Which is good, considering I activated it on a live production server, after I noticed I wasn't logged into my test box on my desk. :-[
I'll be posting a KB article later today.
But yea, when they split the company both halves started offering their own paid 'ruleset'.
The 'new' endpoint doesn't see CWP, only cPanel, DA, and Plesk and installs as a standalone, which doesn't play well with CWP.
-
Morning Y'all.
Have 2 new KB Articles on how to update ModSecurity for Apache in CWP under AL8 & AL9 and use the latest OWASP CRS ruleset:
https://kb.starburstservices.com/control-web-panel-cwp/control-web-panel-cwp-admin-tutorials/update-modsecurity-running-cwp-and-apache-on-almalinux-8-9/ (https://kb.starburstservices.com/control-web-panel-cwp/control-web-panel-cwp-admin-tutorials/update-modsecurity-running-cwp-and-apache-on-almalinux-8-9/)
https://kb.starburstservices.com/control-web-panel-cwp/control-web-panel-cwp-admin-tutorials/update-to-owasp-crs-ruleset-running-cwp-and-apache-on-almalinux-8-9/ (https://kb.starburstservices.com/control-web-panel-cwp/control-web-panel-cwp-admin-tutorials/update-to-owasp-crs-ruleset-running-cwp-and-apache-on-almalinux-8-9/)
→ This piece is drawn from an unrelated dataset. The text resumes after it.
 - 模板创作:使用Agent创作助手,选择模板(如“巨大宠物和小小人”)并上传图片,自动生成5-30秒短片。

Any feedback, let me know.
-
Appreciated, keep 'em coming!
-
And it works for both CWPfree and CWPpro. ;D
-
And it works for both CWPfree and CWPpro. ;D
Hi,
it really works... :)
When I replaced the line "/usr/local/apache/modsecurity-owasp-latest/coreruleset-4.11.0/owasp.conf" when updating the rules, in the configuration file it is in red, I guess it should be like this?
With the two ModSecurity and the rules updates, could I do something in the future to update them, check their sites, and follow similar steps?
BR
Venty
-
The only thing left is to:
nano crs-setup.conf
# SecDefaultAction "phase:1,log,auditlog,pass"
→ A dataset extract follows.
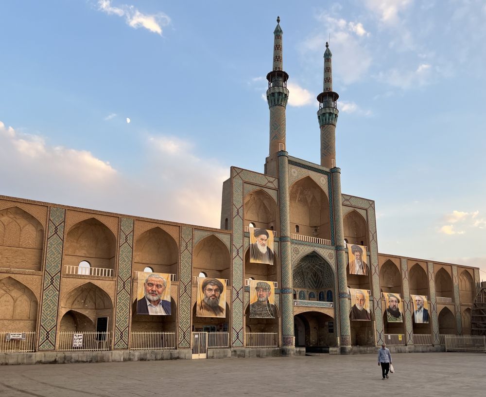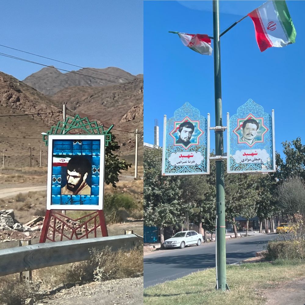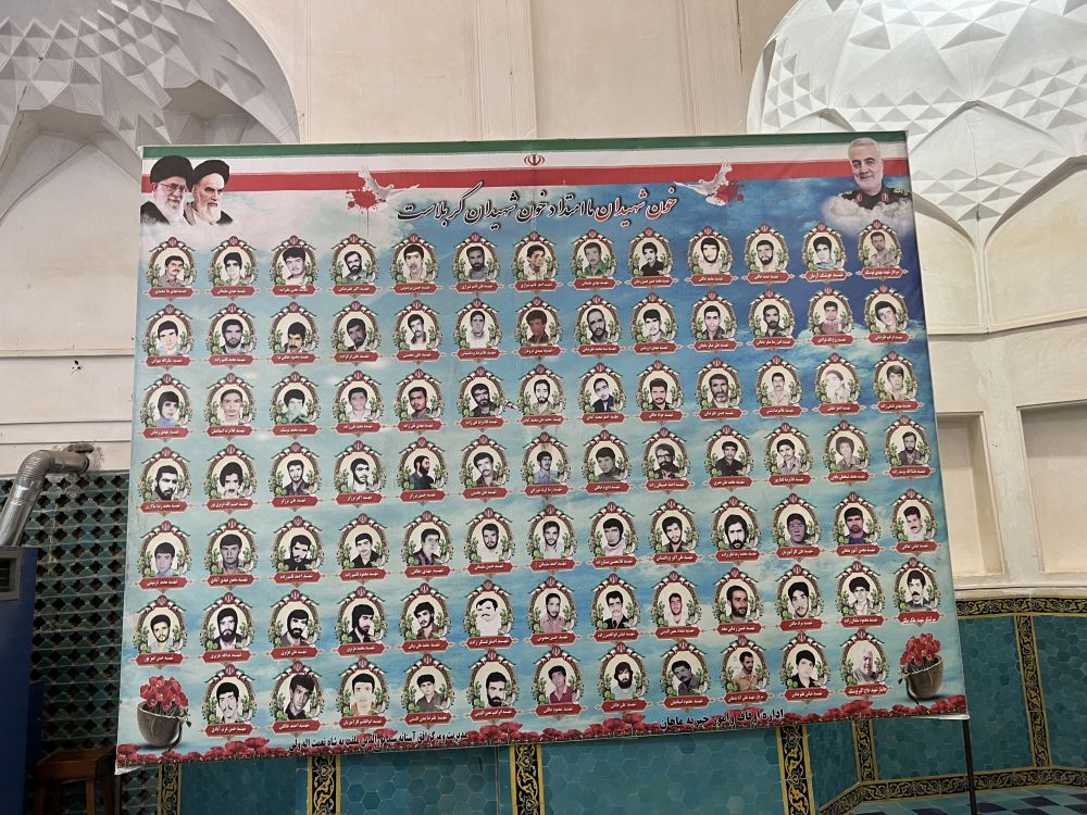 这时邻居伊拉克看到霍梅尼大开杀戒,伊朗内乱成一团,于是在西方国家的支持下趁机进攻伊朗想多占点地盘。伊拉克有钱有西方的先进武器, 但是伊朗有更多的追随宗教领袖的年轻人. 两国鏖战八年, 死伤惨重,劳民伤财,国运枯竭,最后双方不得不停战。而我们一路上看到的便是各家乡的挂像便是纪念这些阵亡的年轻人。

# SecDefaultAction "phase:2,log,auditlog,pass"
Uncomment:
SecDefaultAction "phase:1,log,auditlog,deny,status:403"
SecDefaultAction "phase:2,log,auditlog,deny,status:403"
-
The only thing left is to:
nano crs-setup.conf
# SecDefaultAction "phase:1,log,auditlog,pass"
# SecDefaultAction "phase:2,log,auditlog,pass"
Uncomment:
SecDefaultAction "phase:1,log,auditlog,deny,status:403"
SecDefaultAction "phase:2,log,auditlog,deny,status:403"
Hi,
thank you very much....
and that's all, will they update?
BR
Venty
-
The other never auto updated either for some reason, but this manually update won't.
Path names would all change to the new version, so I'm not sure how a script might do this or not.